Mon arrivée au couvent devint le signal d’une fête ; madame la supérieure fit suspendre les leçons, et j’eus bien de la peine à me soustraire aux caresses de mes anciennes compagnes, pour me livrer au plaisir de causer avec mon Eugénie. Quand nous fûmes seules, je lui peignis l’embarras de ma situation, et voici ce qu’elle me dit :

— Pour oser te donner un conseil dans cette circonstance, ma chère Léonie, il faudrait savoir au juste de quel sentiment ton âme est pénétrée, et peut-être l’ignores-tu toi-même. D’après ce que tu me dis, et plus encore d’après la connaissance que j’ai de toi, je te crois sincèrement aimée ; mais pour répondre à cet amour en résistant à la volonté d’un père, il faut être bien sûre de la constance d’un attachement qui doit coûter tant de peine ; car en est-il de plus vive que celle d’affliger son père ! Si tu crois pouvoir surmonter le penchant qui t’entraîne, n’hésite pas, mon amie, à en faire le sacrifice, et sois assez courageuse pour fuir cet Alfred dont la présence serait toujours dangereuse pour toi ; mais si, après avoir vainement combattu, tu acquiers la certitude que de cette affection dépend le bonheur de ta vie, alors déclare à M. de Montbreuse que rien ne peut triompher du sentiment qui te domine, mais que jamais il n’aura à se plaindre de ta soumission ; enfin, rends-le l’arbitre de ton malheur, et attends tout de sa bonté et de ta persévérance.

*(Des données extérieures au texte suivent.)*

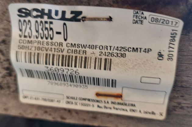 1 UNIDADE - COMPRESSOR SCHULZ 40PCM 50HZ. - LOC. PORTO ALEGRE/ES
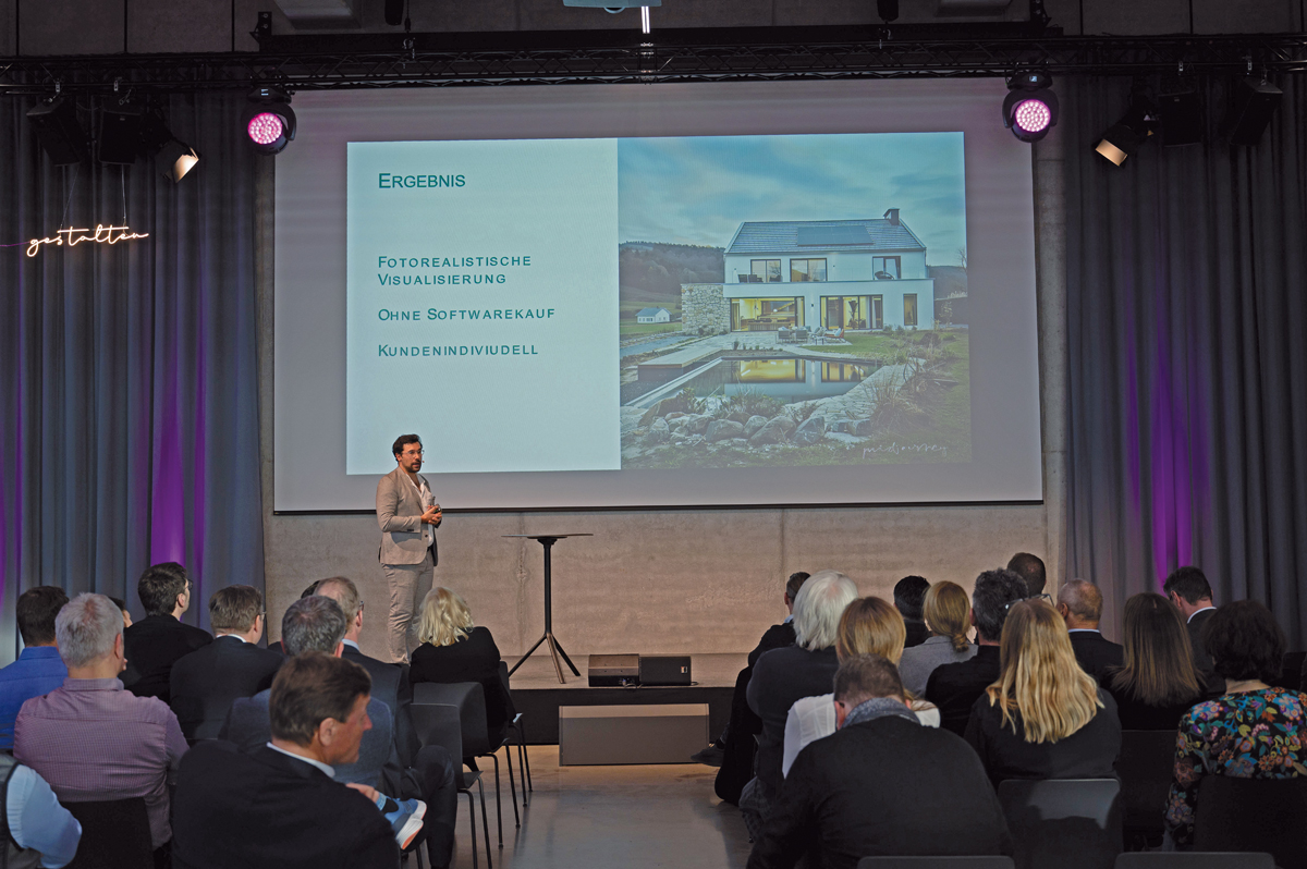 Bereits am Anfang seines Vortrags wies Dominik Steuer darauf hin, dass sämtliche Konzeptzeichnungen, Moodboards und Häuser in seiner Präsentation KI-generiert sind. Zur Herstellung der fotorealistischen Bilder wurden zunächst mit der Software ChatGPT die Anforderungen formuliert und anschließend mit Midjourney visualisiert. Auch wenn der eine oder andere Winkel nicht perfekt passte oder ein Statiker beim Betrachten graue Haare bekommt, überzeugte vor allem der hohe Detailreichtum. Passend zu den Objekten an sich wurden auch dazugehörige Elemente – wie Geschirr in der Küche, ein Sofa mit Polstern im Wohnbereich oder Liegen neben dem Pool im Außenbereich – generiert.
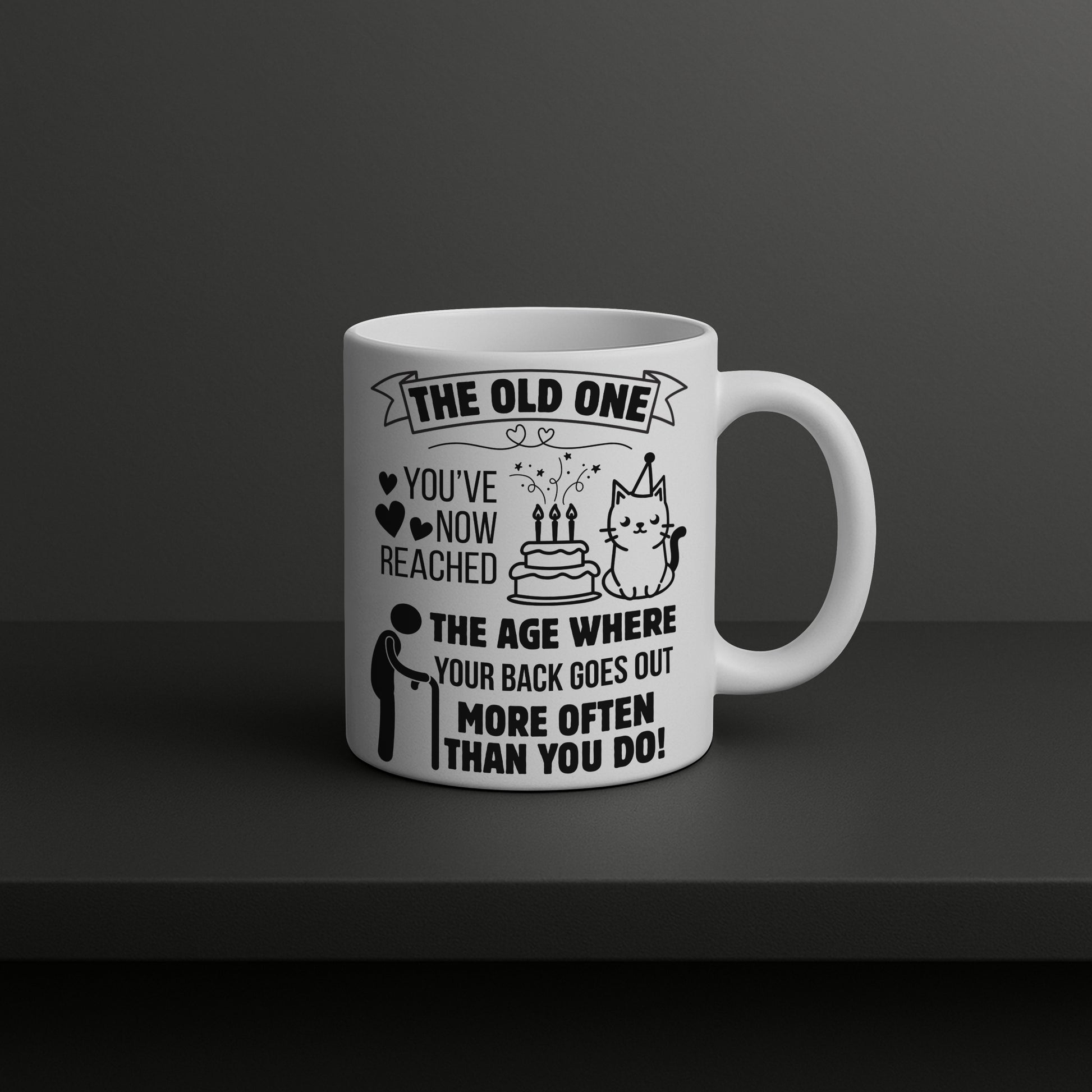 Funny Milestone Birthday Mug for Women or Men | “The Old One” Sarcastic Gift for Adult Friend, Sister, Colleague
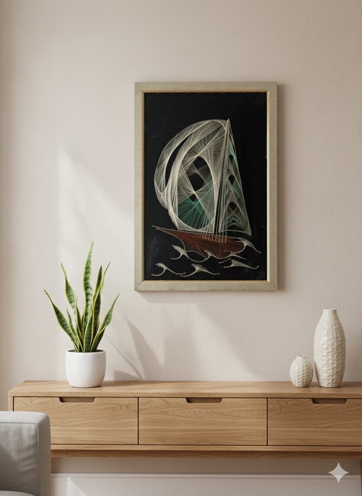 Geometrik bir düzenle yelkenli formuna dönüştüğü bu eşsiz parça, evinize hem derinlik hem de nostaljik bir hava katacak. Siyah kadife dokulu zemin üzerindeki bakır ve fildişi tonlarındaki ipler, ışığın geliş açısına göre farklı parıltılar sunar. Ölçüler: 65.5 cm (Boy) x 46.5 cm (En)
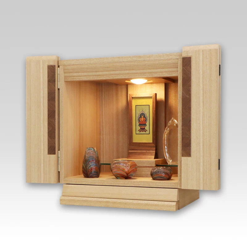 美しくもやさしい天然木の風合いが、従来の唐木仏壇やモダンな仏壇にも調和します。
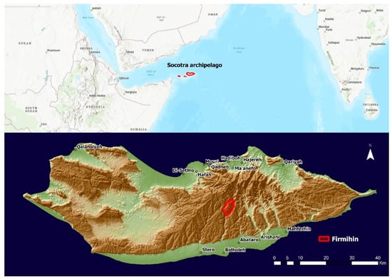 Roqeb di Firmihin (referred to as “Firmihin” in this paper), is a limestone plateau surrounded by deep canyons in the center of the island Socotra, the main island of the Socotra Archipelago (Yemen). The canyons create a relatively isolated area just south of the higher granite mountains (Figure 1). The plateau is gently inclined to the south and is covered by a typical karstic surface of an average altitude of 638 m. a.s.l. According to a recent study [11], this small plateau occupies only 2% of the total suitable area currently occupied by the endemic Dragon’s Blood Trees of Socotra, yet it hosts more than 40% of the population.

Ce discours me parut dicté par la sagesse même ; il me semblait qu’il accordait merveilleusement mes devoirs et mes sentiments. L’amour-propre, la jalousie, la tendre pitié que me faisaient éprouver les chagrins d’Alfred, la reconnaissance de l’amour qu’il ressentait pour moi, tout me persuadait que je l’aimais passionnément, et j’étais de la meilleure foi possible en assurant Eugénie que je pourrais supporter tous les malheurs plutôt que de renoncer à l’amour d’Alfred.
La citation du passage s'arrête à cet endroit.